In comparison, here a quote from the OP’s blog entry:

“Fast forward to today. A program to load /usr/share/dict/words into a hash table is 3-5 lines of Perl or Python, depending on how terse you mind being. Looking up a word in this hash table dictionary is a trivial expression, one built into the language. And that's it. Sure, you could come up with some ways to decrease the load time or reduce the memory footprint, but that's icing and likely won't be needed. The basic implementation is so mindlessly trivial that it could be an exercise for the reader in an early chapter of any Python tutorial.

That's progress.”

But is a simpler, less efficient method progress? Sure it allows more words to be added/removed with ease, and I don’t want to advocate over-optimization, but the solution you made for the Spectrum seems better because words don’t change much. Why don’t we use a similar specialized hash and compressed dictionary format to increase spellchecking speed and allow more words in less space? We could still produce that format using /usr/share/dict/words and similar.

2 comments

> Why don’t we

Because we don't need to and we have much more interesting problems to take up our time.
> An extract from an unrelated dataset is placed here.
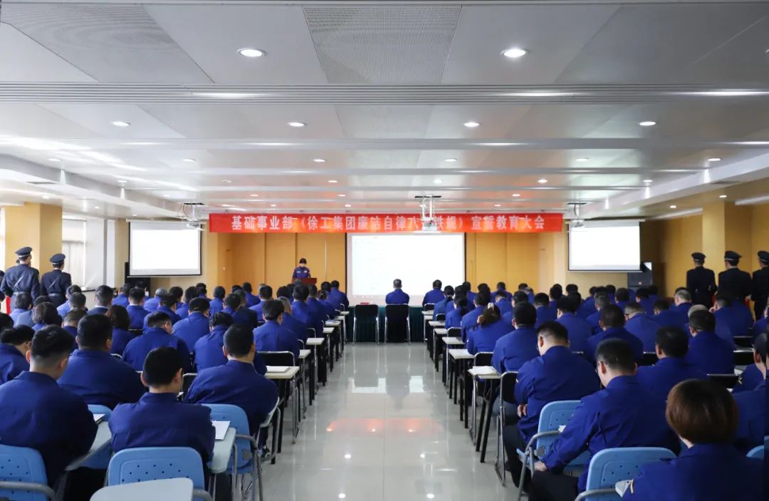 3月14日,基础事业部召开《徐工集团廉洁自律八条铁规》(以下简称《八条铁规》)宣誓教育大会,100余名在徐党员干部和关键、热点岗位人员参会,学习相关文件及《八条铁规》原文,全体参会人员共同宣誓并签订《八条铁规》承诺书。
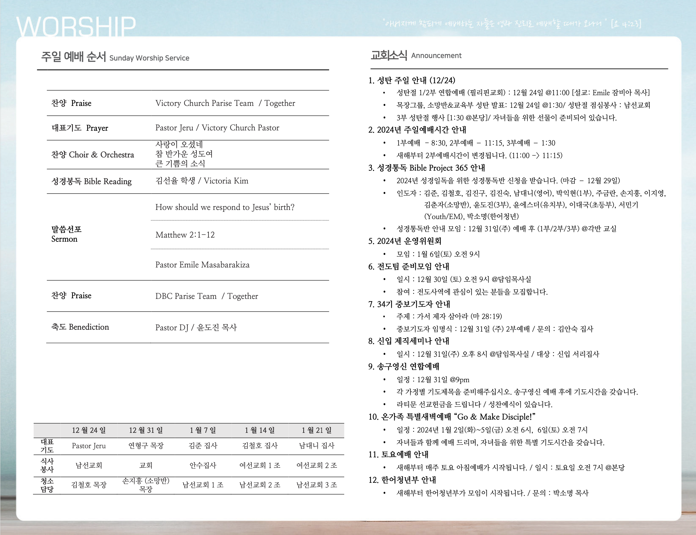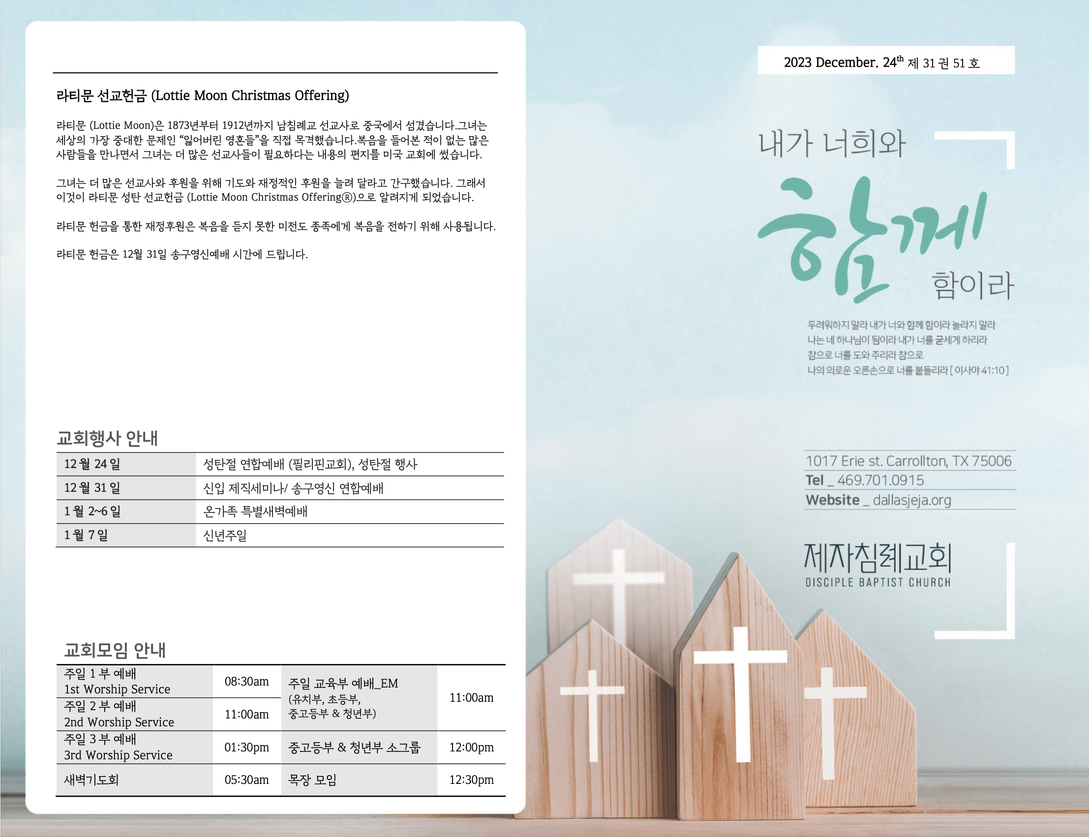 (2023.12.24) 주일 주보 페이지 정보 작성자 달라스제자침례교회 댓글 0건 조회 333회 작성일 23-12-23 22:03 목록 본문 - 이전글(2023.12.31) 주일 주보 23.12.30 다음글(2023.12.10) 주일 주보 23.12.16

But GP already solved the problem (at least for English and other Latin script languages). Why throw away those findings?
Problems tend to have more than one solution. GP's solution should be documented, yes, but the alternate solution that won out was computers being capable of storing a million words or so in plaintext very easily, and doing the same using their compression scheme just isn't really worth the space saved nowadays.
Also, compressing could actually be slower for modern computers. Remember when compressing your hard disk made your PC faster, up until disks became faster, then it actually made it slower?

Today's CPUs are very fast, so the trend could have flipped again, that would be an interesting benchmark.

Implementation takes time. Keep it simple and move on.
I always thought that we still use a trie or (to save memory) ternary search trees for that..
How many operations and objects? The method he’s talking about would seem more efficient for the purpose vs all of the strings still being created even if never used in the plain hash version.